Nutch’s crawler has a language identification plugin
I’ll want to substitute Nutch’s LanguageIdentifier for our Language Detection library, but I’m afraid that Apache Nutch’s document is quite poor. So I researched the structure of Nutch.
I referred to the Nutch’s Wiki and the following presentations.
Nutch has 3 strages (crawl db, link db and segments) and index/indexes.
It is able to put on the distributed system with Hadoop HDFS, but I leave it.
- crawl db
- scheduling for crawl
- link db
- linked graph information for page scoring
- resources themselves(texts of web page, snippets, intermediate resources)
- search index
- differences of index for each segment of incremental update
Commands of nutch_readdb and nutch_segread are available to confirmation of the link db and the segments.
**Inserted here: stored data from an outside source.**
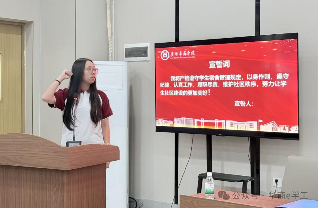 楼层长代表黄楚茵带领全体受聘楼层长庄严宣誓,铮铮誓言彰显了青年学子的责任与担当。
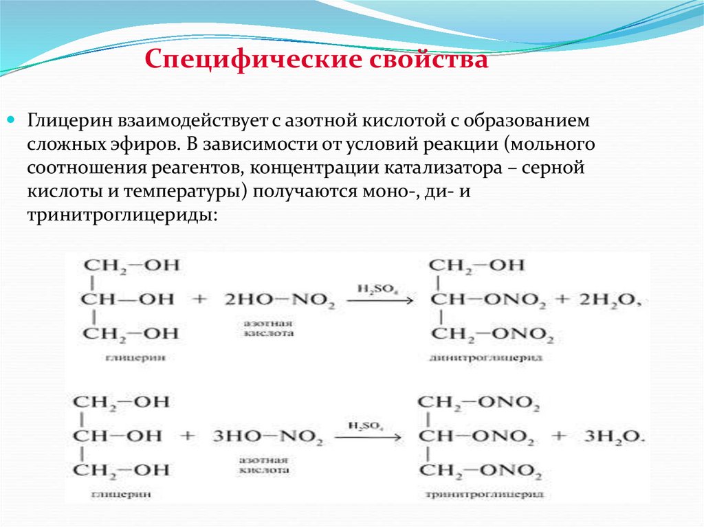 Специфические свойстваГлицерин взаимодействует с азотной кислотой с образованием
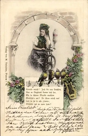 Präge Ak Frau in Tracht, Spinnrad
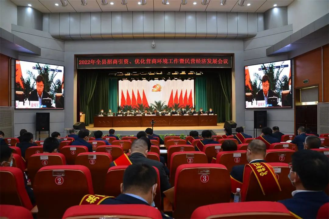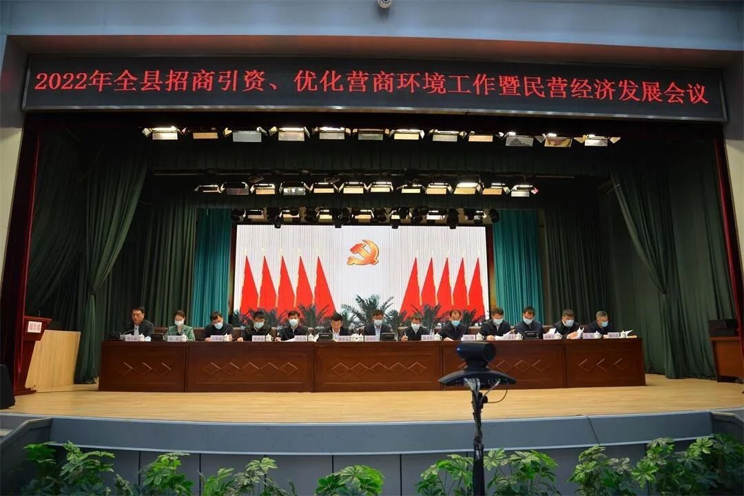 5月9日上午,2022年全县招商引资、优化营商环境工作暨民营经济发展会议在县会议中心召开。会议主要任务是认真总结2021年招商引资和项目建设工作,安排部署全县新一轮招商引资工作,动员全县上下进一步统一思想、凝聚共识,坚定信心、迅速掀起招商新热潮,加快形成大抓招商大上项目新局面,推动县域经济高质量发展迈上新台阶。县委书记徐凤军,县人大常委会主任邹卫东,县委副书记、县长杨宏志,县政协主席马广胜及县四个班子领导出席会议。会议通过视频形式召开。
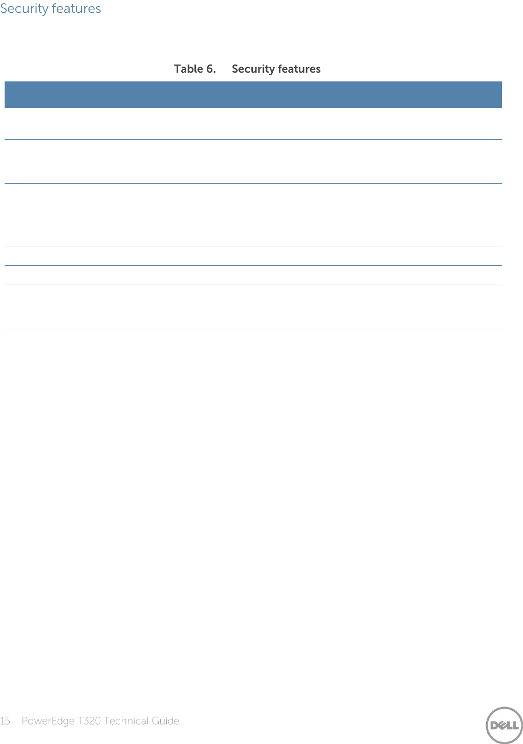 The latest generation of PowerEdge servers has the features listed in Table 6 to help ensure the
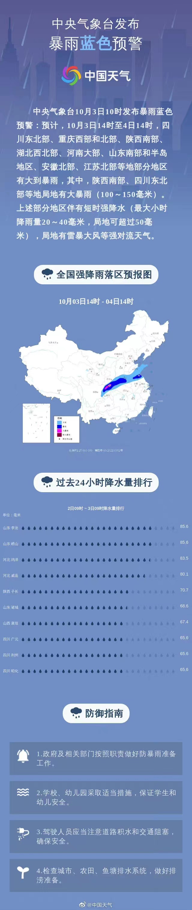 预计,10月3日14时至4日14时,四川东北部、重庆西部和北部、陕西南部、湖北西北部、河南大部、山东南部和半岛地区、安徽北部、江苏北部等地部分地区有大到暴雨,其中,陕西南部、四川东北部等地局地有大暴雨。
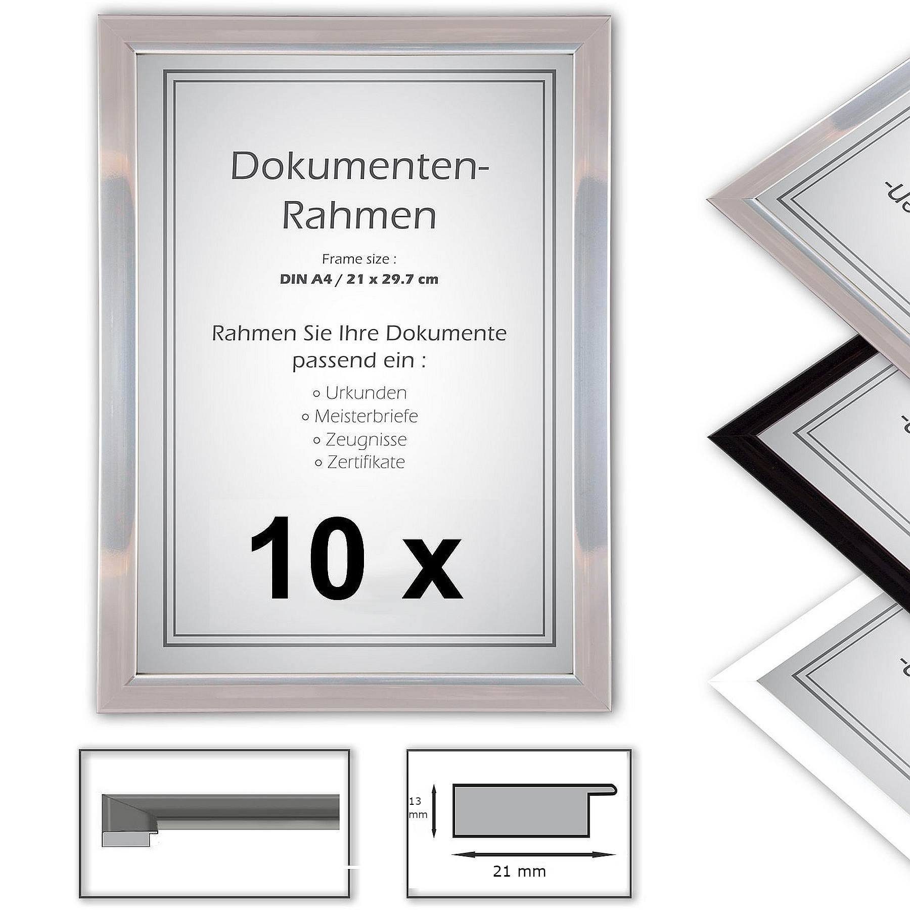 Einzelrahmen 10 x Urkundenrahmen, DIN A4, 21x29,7 cm, Farbe silber
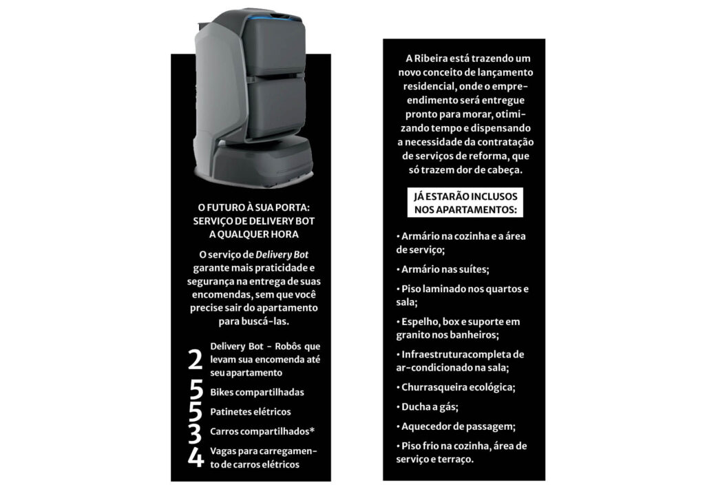 O empreendimento entregará itens de alto padrão no lazer e na conveniência, algo inédito para o segmento – e mais uma inovação da Ribeira, indo além das expectativas do futuro morador. O espaço comum foi concebido para ser uma extensão dos apartamentos, com áreas de convivência que estimulam o equilíbrio entre corpo e mente. Piscinas adulto e infantil com brinquedo aquático tipo chuveirão, casa de campo, academia equipada, espaço gourmet com churrasqueira e forno para pizza, salão de festas, brinquedoteca, parque de diversões, cinema, pet care, pet place, complexo de quadras, estúdio e espaço youtuber são alguns dos ambientes que compõem o complexo, desenhados para diferentes momentos da rotina – do relaxamento ao trabalho, da socialização à privacidade.
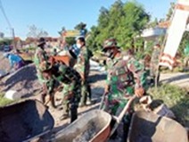 Pati –Para Anggota Satgas TMMD beserta masyarakat setempat dan dibantu dengan alat berat serta alat seadanya melaksanakan gotong royong untuk membuat jalan penghubung antar desa Tamansari dan Desa Sumberarum Kec. Jaken Kab.Pati .Supaya kelak hasilnya dapat dinikmati untuk hari ini esok dan anak cucu nantinya .Disaat seperti inilah sudah waktunya kita berkarya berkarya untuk bangsa dan negara
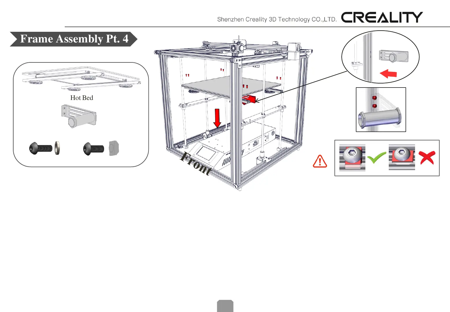 Step 1. Make sure the front of the base(b) is facing you. Place the hot bed on the support plate of the double Z-axis frame and align with the
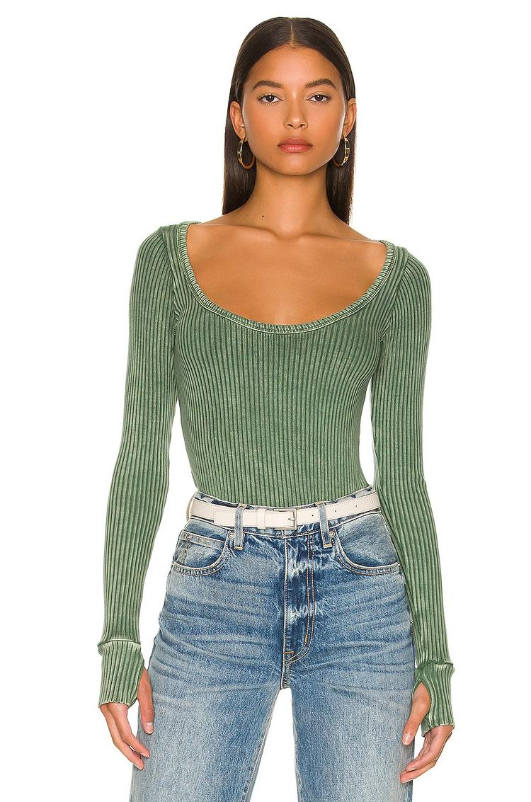 Soft ribbed jersey fabric with a subtle faded wash crafts this fitted tank top in a muted green hue. Featuring long cuffed sleeves with thumbhole details and a flattering U-neckline, its hip-length silhouette offers a minimalist yet chic look. Perfectly suited for casual wear, everyday errands, or a relaxed brunch, this versatile top blends comfort with effortless style. The slight stretch from rayon and elastane ensures a comfortable fit that moves with you, making it a dependable choice across seasons.
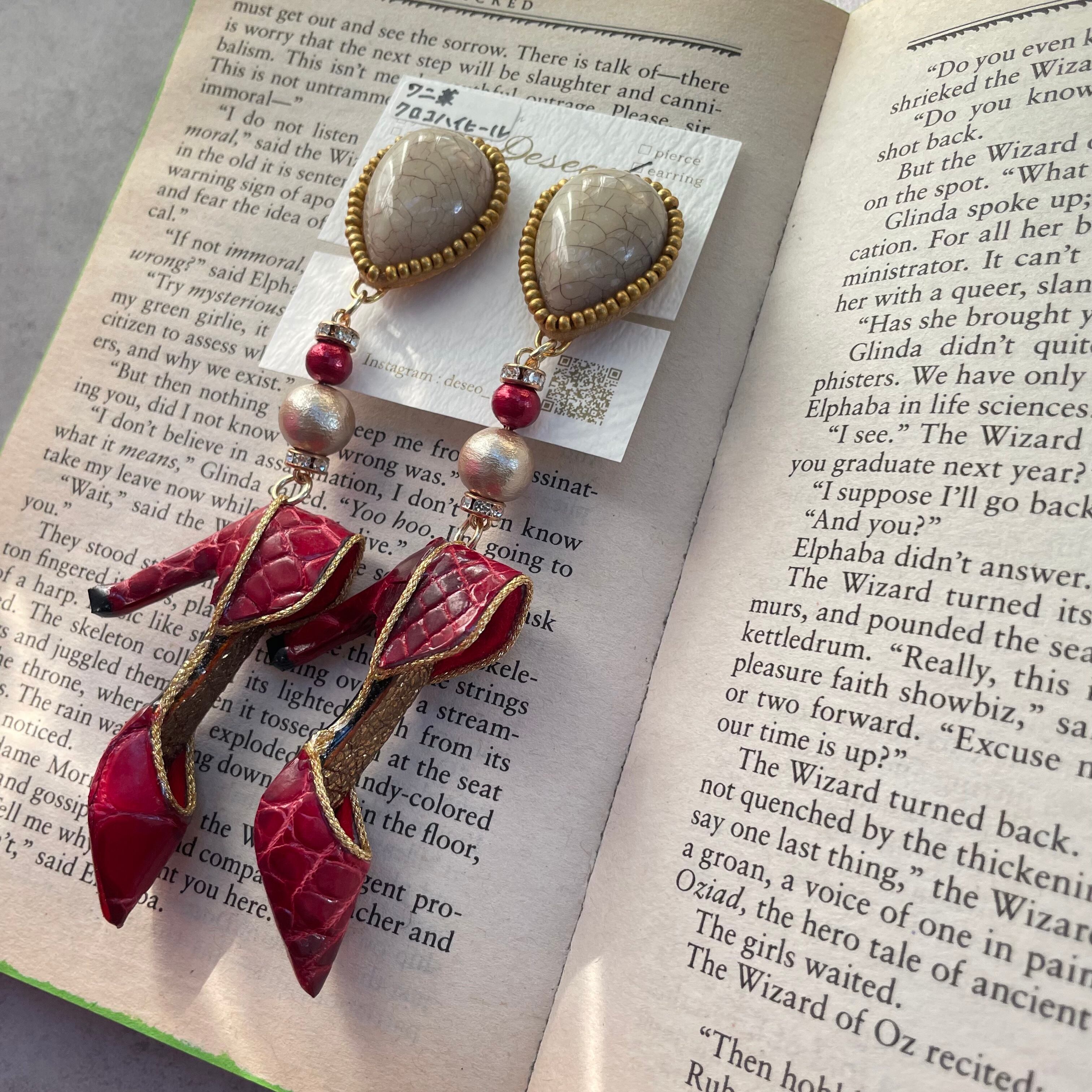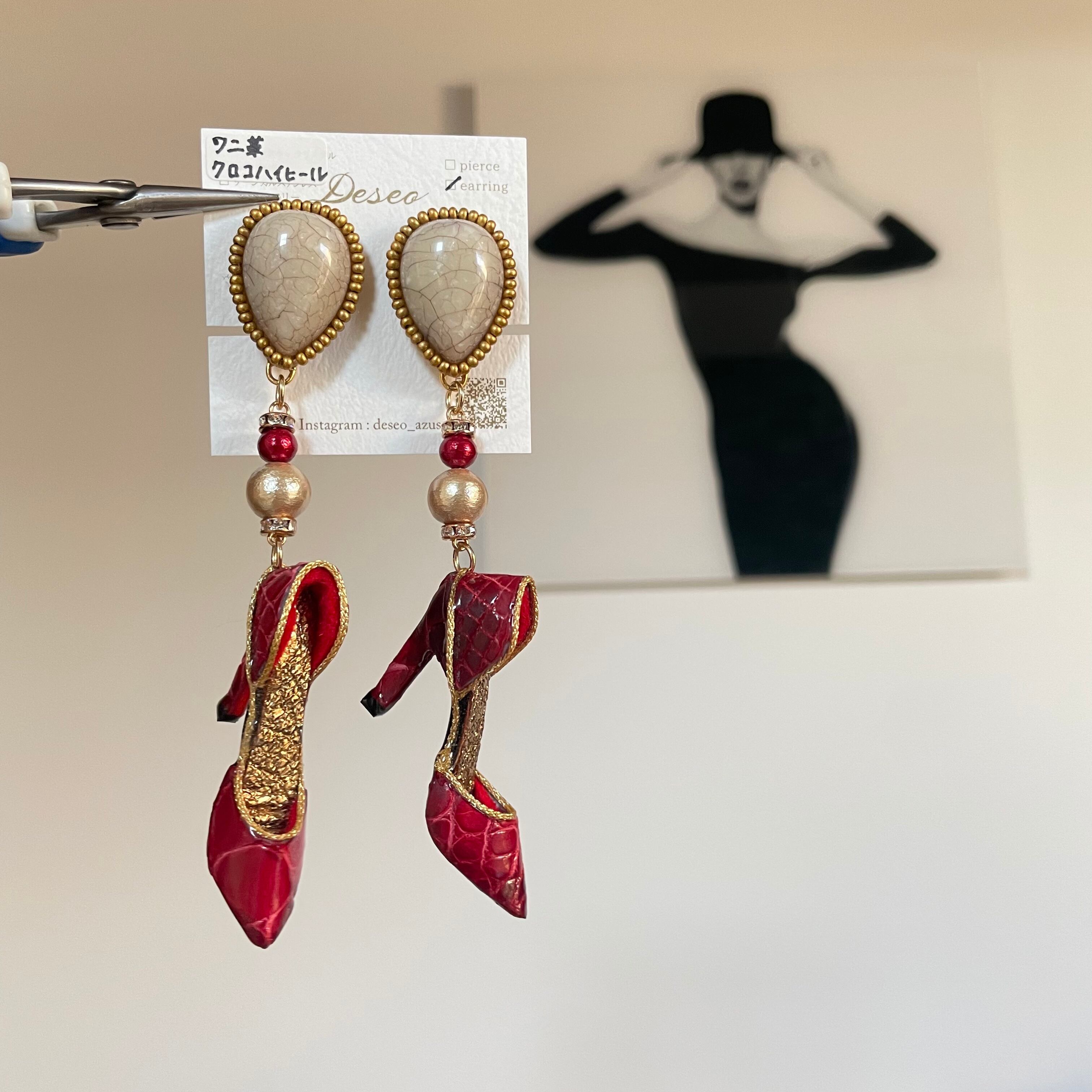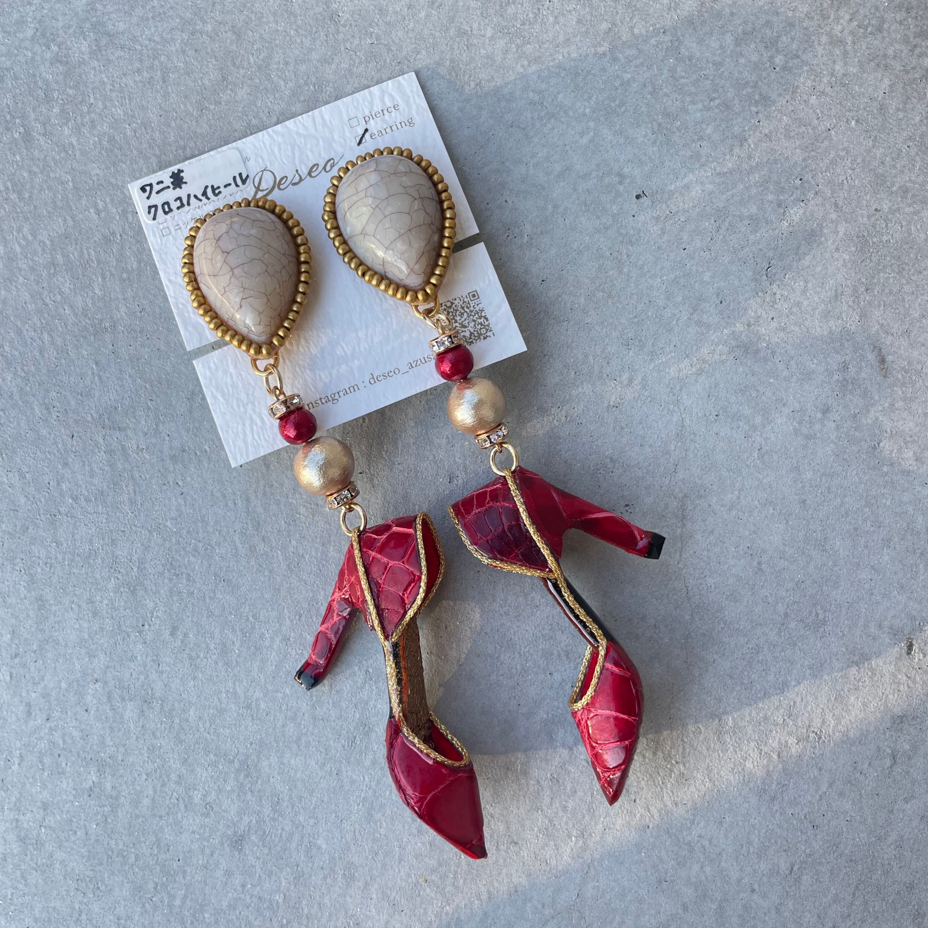 ボルドーワニ革★クロコハイヒール❤️ハイヒールピアス ハイヒールイヤリング NO.392
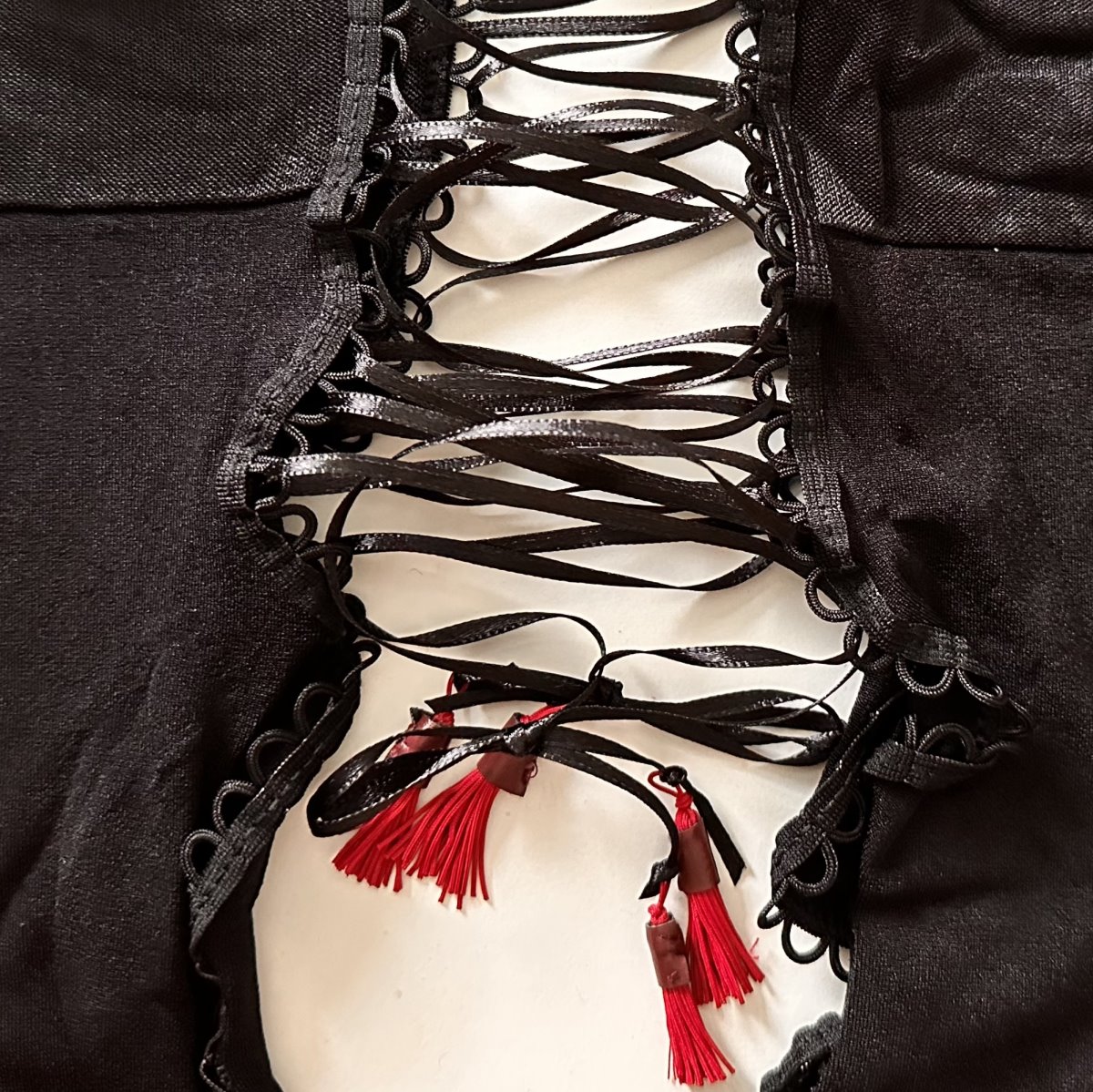 Sensuous opaque tights with open crotch and seductive lacing on the front and back side. With comfortable waistband. 100 denier

luke, the Lucene’s index administrative tool, is available to confirmation of index.
Works of Nutch Crawler
Command nutch_crawl works injecting seed urls, crawling web pages, parsing contents and generating index automatically.
Based on the actual behaviors of nutch_crawl, Nutch indexing work is the following.
- inject : add seed urls to webdb (a table in crawl db?) and link db(as vertexes?)
- generate : generate fetchlist (a intermediate resource in segments?) from webdb
- fetch : get contents (according to fetchlist?) and store them into segments
- parse : parse contents in segments (Apache Tika, parser for each mime type)
- update crawldb : add linked url which extracted by parsing into webdb?
- go back 2 if webdb is not empty
- update linkdb : update link db with outputs of fetcher (and parser?)
- index : generate indexes from each segment
- Dedup : delete duplicated documents (example : http://www.cnn.com and cnn.com)
- IndexMerger : merge updated indexes into index